The second answer—voiced by people as different as ex-Googler Tristan Harris and management scholar Shoshanna Zuboff—is that social media companies have at their hand some truly effective algorithms through which they capture our attention, transform our behavior, and make us addicted to their content. This, too, is suspect; as the journalist Will Oremus writes, Facebook’s much-vaunted algorithm often “serve[s] us posts we find trivial, irritating, misleading, or just plain boring.” Facebook engineers seem equally at sea when they try to understand what kind of content their consumers are most interested in. In other words, the “algorithm,” as the anthropologist Nick Seaver has written, is not some coherent entity that is sitting inside Facebook or TikTok with the engineers turning the dials; it’s just a word we’ve slapped on to cover up the chaotic dynamics of media production and consumption on the internet (on which more below).3 And last but not the least, the brouhaha over “addiction” to media is very, very old.

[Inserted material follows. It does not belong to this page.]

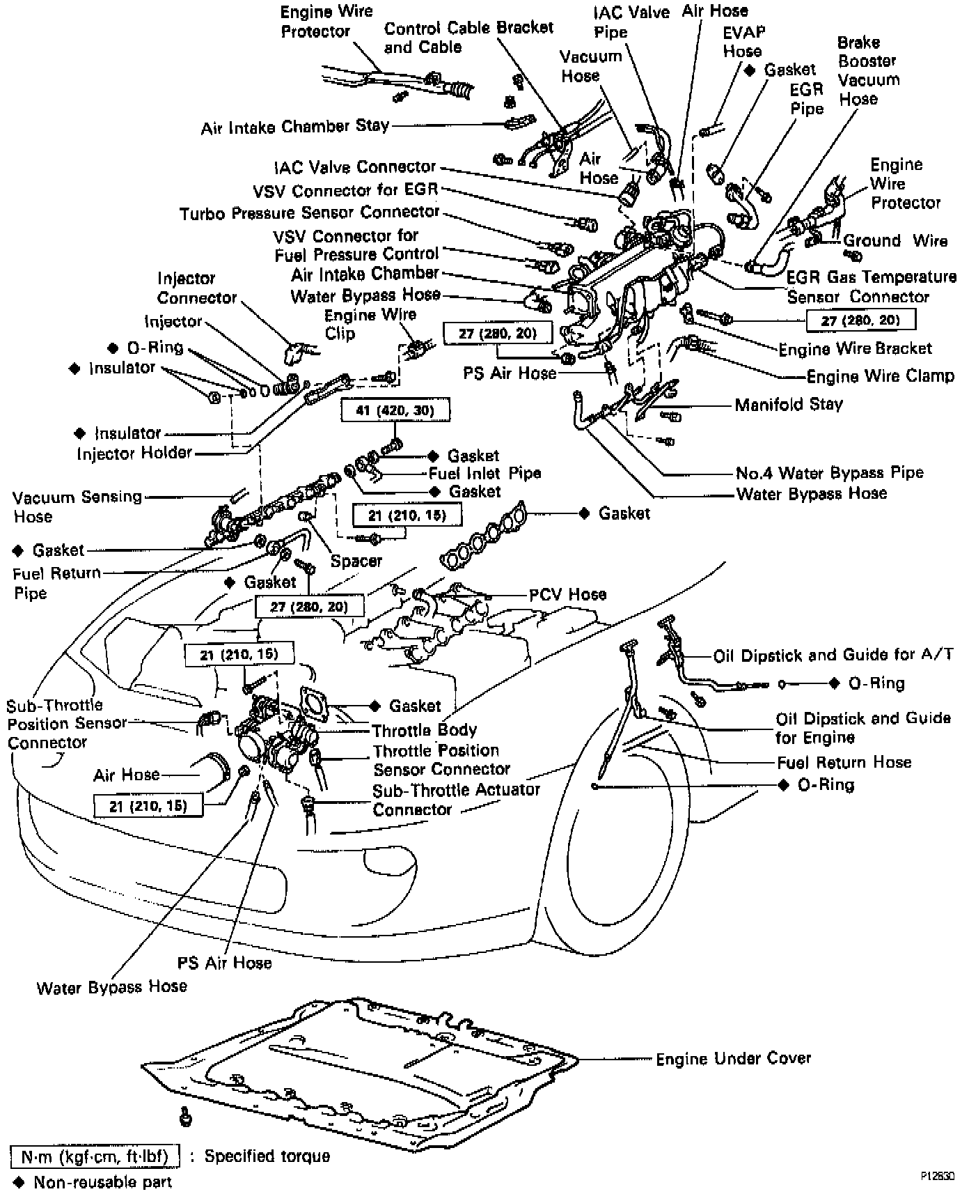 (2) Air hose (from air intake chamber) from vacuum pipe on IAC valve pipe

We were addicted to—perhaps we still are!—comic books, television, video games, and now social media; as an indicator of virtue, media consumption has never been highly rated.
But still, social media is different; regulating it is a challenge that we are still working through. There are really three things that make social media different from traditional, legacy media like movies, radio, and television. All of these three things have to do with the collapse of traditional gatekeepers and the rise of new ones.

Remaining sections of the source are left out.